Stage 1 hypertension is defined as a clinic blood pressure reading of 140/90 mmHg or higher, or an ambulatory blood pressure daytime average or home blood pressure monitoring average of 135/85 mmHg or higher.

It is estimated that around 450,000 men and 270,000 women would fall into the category of having stage 1 hypertension and a CVD risk of between 10% and 20%.

However, it is difficult to predict what impact using the lower CVD risk threshold will have in practice because there is variability in how the 2011 recommendation with a threshold of 20% is being implemented in practice.

Anthony Wierzbicki, consultant in metabolic medicine and chemical pathology, and chair of the guideline committee, said: “Many people with high blood pressure don’t actually know they have it because it rarely causes any noticeable symptoms.

“However, it is by far the biggest preventable cause of death and disability in the UK through strokes, heart attacks and heart failure. A rigorous evaluation of new evidence has resulted in updated recommendations around when to treat raised blood pressure that have the potential to make a real difference to the lives of many thousands of people with the condition.

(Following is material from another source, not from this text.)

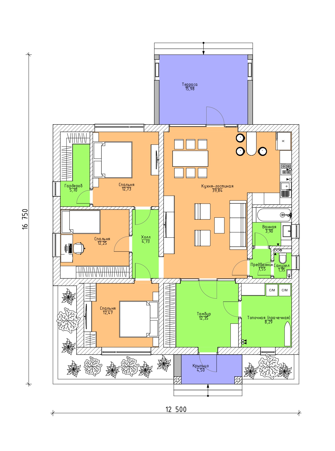 Проект одноэтажного дома "Опалево-М2" из бруса
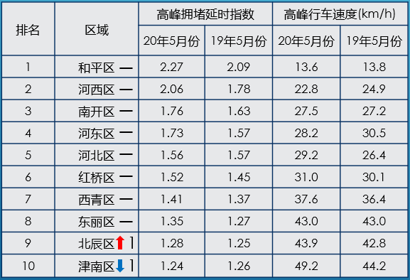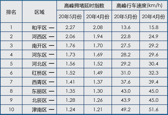 以2020年5月为例,从数据中可以看出,与上月对比中,由于疫情后企业陆续复工复产,全市各区5月相较4月的拥堵指数有明显的增加;与去年同期对比中,由于天津市采取不限行措施,拥堵指数相较去年5月也是有所增加的。

“The guideline effectively shifts the focus to earlier intervention with lifestyle or drug treatment because this may slow the age-related deterioration of blood pressure. This would keep people well for longer and reduce the long-term need for multiple medications.”

Professor Helen Stokes-Lampard, chair of the Royal College of GPs, said: “Taking steps to prevent cardiovascular disease in patients is vital to help safeguard their long-term health and wellbeing. But many GPs do also have concerns about overdiagnosis and the unintended harms of prescribing medication to groups of patients when the benefits may be limited.

“Lowering the threshold for making a diagnosis of hypertension – a condition that already affects a very large number of patients in the UK - is likely to affect thousands, if not millions of patients, so this decision must not be taken lightly and must be evidence-based.

“Clinical guidelines are regularly updated to take into account the most current research and make recommendations of how to implement it in the best interests of patients. Now that this draft guideline is open for consultation, we would encourage experts in the area to respond to express their views.”

The draft guideline is open for public consultation until 23 April and final guidance is expected to be published in August.